## TASK PROMPT
I would like you to transcribe all of the data exactly.

## RECORDS FOR THIS TASK
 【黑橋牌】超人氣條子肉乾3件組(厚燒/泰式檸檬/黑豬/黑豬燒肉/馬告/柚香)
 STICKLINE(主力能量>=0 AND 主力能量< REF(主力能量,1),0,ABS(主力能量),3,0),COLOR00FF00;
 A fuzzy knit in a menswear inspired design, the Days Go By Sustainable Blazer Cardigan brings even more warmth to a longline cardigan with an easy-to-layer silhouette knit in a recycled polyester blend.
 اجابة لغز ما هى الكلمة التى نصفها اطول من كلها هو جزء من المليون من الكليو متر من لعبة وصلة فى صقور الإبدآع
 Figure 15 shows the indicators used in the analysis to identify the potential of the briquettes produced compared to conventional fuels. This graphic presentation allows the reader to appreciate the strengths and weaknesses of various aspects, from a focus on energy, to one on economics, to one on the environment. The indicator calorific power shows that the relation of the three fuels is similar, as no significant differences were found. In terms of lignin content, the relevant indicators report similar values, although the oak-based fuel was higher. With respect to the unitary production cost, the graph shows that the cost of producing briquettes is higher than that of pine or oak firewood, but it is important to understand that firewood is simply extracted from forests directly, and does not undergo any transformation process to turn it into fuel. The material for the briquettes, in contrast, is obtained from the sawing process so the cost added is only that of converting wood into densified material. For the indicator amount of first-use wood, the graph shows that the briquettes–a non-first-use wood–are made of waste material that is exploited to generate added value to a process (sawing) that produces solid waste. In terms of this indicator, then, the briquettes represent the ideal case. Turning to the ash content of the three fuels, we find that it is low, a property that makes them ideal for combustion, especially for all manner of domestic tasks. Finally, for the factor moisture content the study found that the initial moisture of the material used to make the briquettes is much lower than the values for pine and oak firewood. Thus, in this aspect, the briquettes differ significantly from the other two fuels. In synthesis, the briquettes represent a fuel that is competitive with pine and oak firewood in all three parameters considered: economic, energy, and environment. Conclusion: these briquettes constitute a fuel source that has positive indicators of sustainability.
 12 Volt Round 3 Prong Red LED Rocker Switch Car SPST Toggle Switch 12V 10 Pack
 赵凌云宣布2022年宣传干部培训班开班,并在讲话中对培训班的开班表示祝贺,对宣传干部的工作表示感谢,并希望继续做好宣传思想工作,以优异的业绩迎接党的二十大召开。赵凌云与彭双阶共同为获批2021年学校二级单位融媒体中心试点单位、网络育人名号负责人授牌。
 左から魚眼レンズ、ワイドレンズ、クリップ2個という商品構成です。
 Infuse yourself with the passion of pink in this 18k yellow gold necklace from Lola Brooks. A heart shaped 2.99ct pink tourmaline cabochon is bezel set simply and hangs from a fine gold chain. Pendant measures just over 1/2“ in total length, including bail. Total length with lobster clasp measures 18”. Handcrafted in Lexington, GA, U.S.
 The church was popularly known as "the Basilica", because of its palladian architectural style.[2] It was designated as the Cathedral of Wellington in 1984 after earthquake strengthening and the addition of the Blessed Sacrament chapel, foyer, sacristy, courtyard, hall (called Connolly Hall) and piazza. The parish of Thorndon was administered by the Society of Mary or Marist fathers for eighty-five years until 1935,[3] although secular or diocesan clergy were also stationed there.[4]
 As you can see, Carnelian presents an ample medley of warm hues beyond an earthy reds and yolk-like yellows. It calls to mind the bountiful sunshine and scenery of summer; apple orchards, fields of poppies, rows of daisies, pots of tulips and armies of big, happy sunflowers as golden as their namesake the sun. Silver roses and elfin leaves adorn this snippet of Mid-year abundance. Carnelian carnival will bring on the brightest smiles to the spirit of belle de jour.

## REPLY TO THE TASK
 【黑橋牌】超人氣條子肉乾3件組(厚燒/泰式檸檬/黑豬/黑豬燒肉/馬告/柚香)
 STICKLINE(主力能量>=0 AND 主力能量< REF(主力能量,1),0,ABS(主力能量),3,0),COLOR00FF00;
 A fuzzy knit in a menswear inspired design, the Days Go By Sustainable Blazer Cardigan brings even more warmth to a longline cardigan with an easy-to-layer silhouette knit in a recycled polyester blend.
 اجابة لغز ما هى الكلمة التى نصفها اطول من كلها هو جزء من المليون من الكليو متر من لعبة وصلة فى صقور الإبدآع
 Figure 15 shows the indicators used in the analysis to identify the potential of the briquettes produced compared to conventional fuels. This graphic presentation allows the reader to appreciate the strengths and weaknesses of various aspects, from a focus on energy, to one on economics, to one on the environment. The indicator calorific power shows that the relation of the three fuels is similar, as no significant differences were found. In terms of lignin content, the relevant indicators report similar values, although the oak-based fuel was higher. With respect to the unitary production cost, the graph shows that the cost of producing briquettes is higher than that of pine or oak firewood, but it is important to understand that firewood is simply extracted from forests directly, and does not undergo any transformation process to turn it into fuel. The material for the briquettes, in contrast, is obtained from the sawing process so the cost added is only that of converting wood into densified material. For the indicator amount of first-use wood, the graph shows that the briquettes–a non-first-use wood–are made of waste material that is exploited to generate added value to a process (sawing) that produces solid waste. In terms of this indicator, then, the briquettes represent the ideal case. Turning to the ash content of the three fuels, we find that it is low, a property that makes them ideal for combustion, especially for all manner of domestic tasks. Finally, for the factor moisture content the study found that the initial moisture of the material used to make the briquettes is much lower than the values for pine and oak firewood. Thus, in this aspect, the briquettes differ significantly from the other two fuels. In synthesis, the briquettes represent a fuel that is competitive with pine and oak firewood in all three parameters considered: economic, energy, and environment. Conclusion: these briquettes constitute a fuel source that has positive indicators of sustainability.
 12 Volt Round 3 Prong Red LED Rocker Switch Car SPST Toggle Switch 12V 10 Pack
 赵凌云宣布2022年宣传干部培训班开班,并在讲话中对培训班的开班表示祝贺,对宣传干部的工作表示感谢,并希望继续做好宣传思想工作,以优异的业绩迎接党的二十大召开。赵凌云与彭双阶共同为获批2021年学校二级单位融媒体中心试点单位、网络育人名号负责人授牌。
 左から魚眼レンズ、ワイドレンズ、クリップ2個という商品構成です。
 Infuse yourself with the passion of pink in this 18k yellow gold necklace from Lola Brooks. A heart shaped 2.99ct pink tourmaline cabochon is bezel set simply and hangs from a fine gold chain. Pendant measures just over 1/2“ in total length, including bail. Total length with lobster clasp measures 18”. Handcrafted in Lexington, GA, U.S.
 The church was popularly known as "the Basilica", because of its palladian architectural style.[2] It was designated as the Cathedral of Wellington in 1984 after earthquake strengthening and the addition of the Blessed Sacrament chapel, foyer, sacristy, courtyard, hall (called Connolly Hall) and piazza. The parish of Thorndon was administered by the Society of Mary or Marist fathers for eighty-five years until 1935,[3] although secular or diocesan clergy were also stationed there.[4]
 As you can see, Carnelian presents an ample medley of warm hues beyond an earthy reds and yolk-like yellows. It calls to mind the bountiful sunshine and scenery of summer; apple orchards, fields of poppies, rows of daisies, pots of tulips and armies of big, happy sunflowers as golden as their namesake the sun. Silver roses and elfin leaves adorn this snippet of Mid-year abundance. Carnelian carnival will bring on the brightest smiles to the spirit of belle de jour.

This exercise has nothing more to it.